Historically, infrastructure monitoring was a backroom function. Because of this, IT organizations built siloed teams of domain experts, each focused on a specific type of IT technology. There was one team to manage data networks, another to manage storage, yet another for server monitoring, and so on.
At the time, this approach was aligned with IT’s inward-looking operating model, but it’s no longer appropriate for today’s service and customer-centric IT organizations. We now recognize that businesses consume end-to-end services, not individual IT technologies. For example, very few businesses need a raw storage array service. However, they do need a responsive and reliable data warehouse service that depends on servers, databases, storage, network connectivity, event correlation and analysis, and analytical and reporting tools. Monitoring alone includes massive amounts of event, metric and logo data.
To deliver an end-to-end service, all of these IT technologies have to work together. However, many IT operations groups still work in technology-specific towers. And, each technology team has its own management tools, whether that’s SCOM for operating systems and servers, or AppDynamics to manage application performance.

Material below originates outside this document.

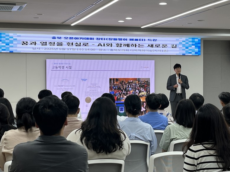이혜란 충북도 과학기술정책과장은 “이번 강연은 창의적 아이디어와 AI 기술을 접목해 지역사회와 행정이 나아가야 할 새로운 길을 모색하는 계기가 되었다”며, “도내 공직자와 청년들이 혁신적인 마인드를 공유하는 뜻깊은 시간이었다”고 밝혔다.

No End-to-End Visibility and Control
This creates huge problems. Each siloed operations team can only see one type of technology. So, when there’s a service impairment, the team doesn’t have visibility and control of other types of IT components – which could be the actual source of the issue. For instance, you can’t see application issues with a point infrastructure monitoring tool. In fact, you can’t even see beyond the scope of your own infrastructure domain.

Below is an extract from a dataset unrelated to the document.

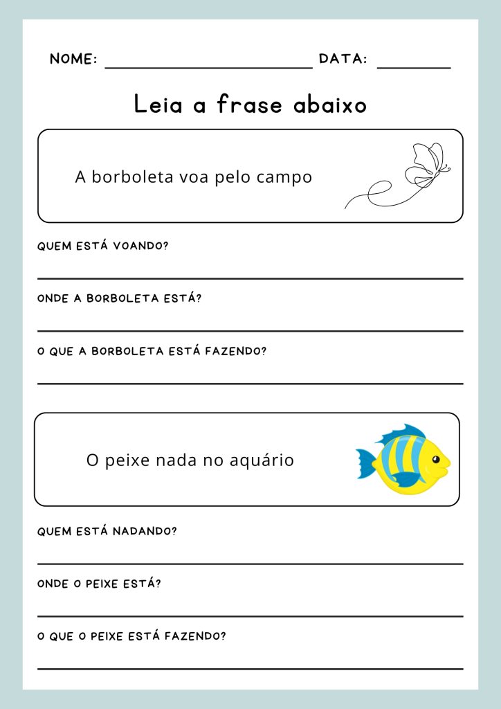 Atividade: Compreensão de texto com figuras Alfabetização, Compreensão de Texto Vamos Ler e Interpretar! ️ Nesta atividade, você vai praticar a compreensão de texto associando histórias ou descrições às figuras correspondentes. Este é um ótimo exercício para melhorar a leitura e a interpretação. Vamos começar? Download Download Download Download Download Tags:aprendizado infantilatividade de leituraatividade pedagógicacompreensão de textoexercício interativohabilidades cognitivasinterpretação de figurasleitura ativa

What’s the outcome? L1 and L2 support teams continue to struggle with disconnected, technology-specific information, making it incredibly hard to identify and resolve service issues. Manually correlating data across domains is enormously difficult and time-consuming – which is the last thing you want when a mission-critical service is down. And, when support calls in the domain experts, no one can agree on what’s wrong. Each team has its own blinkered view and points the finger somewhere else. As a result, businesses continue to suffer prolonged service outages and serious business impacts.
Breaking Down the Walls
To manage end-to-end services effectively, you need to bring all of your monitoring data into one place. By using a manager of managers monitoring system, MoM operations collects a comprehensive set of data – including events, logs and metrics – from all of your point tools. With modern sytems, manager of managers monitoring is no longer siloed – yes, the point tools still exist, but you now have all the data in a single pane of glass.

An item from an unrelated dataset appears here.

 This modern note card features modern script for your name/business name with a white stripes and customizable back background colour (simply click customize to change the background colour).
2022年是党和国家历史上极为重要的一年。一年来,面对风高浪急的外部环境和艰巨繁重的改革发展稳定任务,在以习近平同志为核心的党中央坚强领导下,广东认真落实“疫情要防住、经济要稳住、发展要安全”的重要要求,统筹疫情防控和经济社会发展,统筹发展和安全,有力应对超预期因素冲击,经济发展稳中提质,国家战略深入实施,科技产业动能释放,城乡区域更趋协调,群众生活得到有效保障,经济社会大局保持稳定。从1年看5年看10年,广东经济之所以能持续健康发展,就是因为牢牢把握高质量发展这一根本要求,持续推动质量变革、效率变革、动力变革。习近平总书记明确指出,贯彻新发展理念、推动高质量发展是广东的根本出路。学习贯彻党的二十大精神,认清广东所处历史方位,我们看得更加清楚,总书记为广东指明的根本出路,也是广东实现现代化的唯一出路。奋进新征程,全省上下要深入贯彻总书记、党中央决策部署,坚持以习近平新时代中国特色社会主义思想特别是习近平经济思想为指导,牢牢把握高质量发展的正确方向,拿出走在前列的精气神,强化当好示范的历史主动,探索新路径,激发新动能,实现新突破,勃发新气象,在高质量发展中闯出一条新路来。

However, there is more to it than simply integrating your monitoring data. Without a manager of managers monitoring tools generate huge amounts of disconnected, redundant and incompatible information. You need something to normalize, deduplicate, filter and correlate this data, so that your L1 and L2 support teams have consistent, meaningful events to work on, instead of chaotic noise. Other key IT event management capabilities, such as event correlation and analysis, make it much easier for support teams to separate cause from symptoms – for example, when poor application response time is due to a specific database or network issue.
Unlocking the Power of Artificial Intelligence
AIOps (Artificial Intelligence for IT Operations) systems incorporate machine learning capabilities in their core engines. This delivers advanced automation capabilities that dramatically increase service quality while driving down operational costs. For example, these kinds of platforms can recognize event patterns across multiple monitoring sources, and then use these to predict future service outages – before customers are affected. They can also automatically identify the root cause of service and infrastructure issues, and even score events based on their likely business impact.
In a Nutshell
If your IT operations team is still working in silos, then you’re putting your service quality at risk. Domain-specific management tools don’t give you the end-to-end view, which means that you don’t have visibility and control of your mission-critical services. By using a manager of managers monitoring tool with ITSM integration and AI capabilities, you break down these barriers and identify then fix service issues more quickly. And, by bringing all of your data into one place, you can now leverage machine learning to prevent service outages, understand business impact, and further accelerate service restoration.
That’s why a proactive manager of managers is the single most important investment you can make for your IT operations team.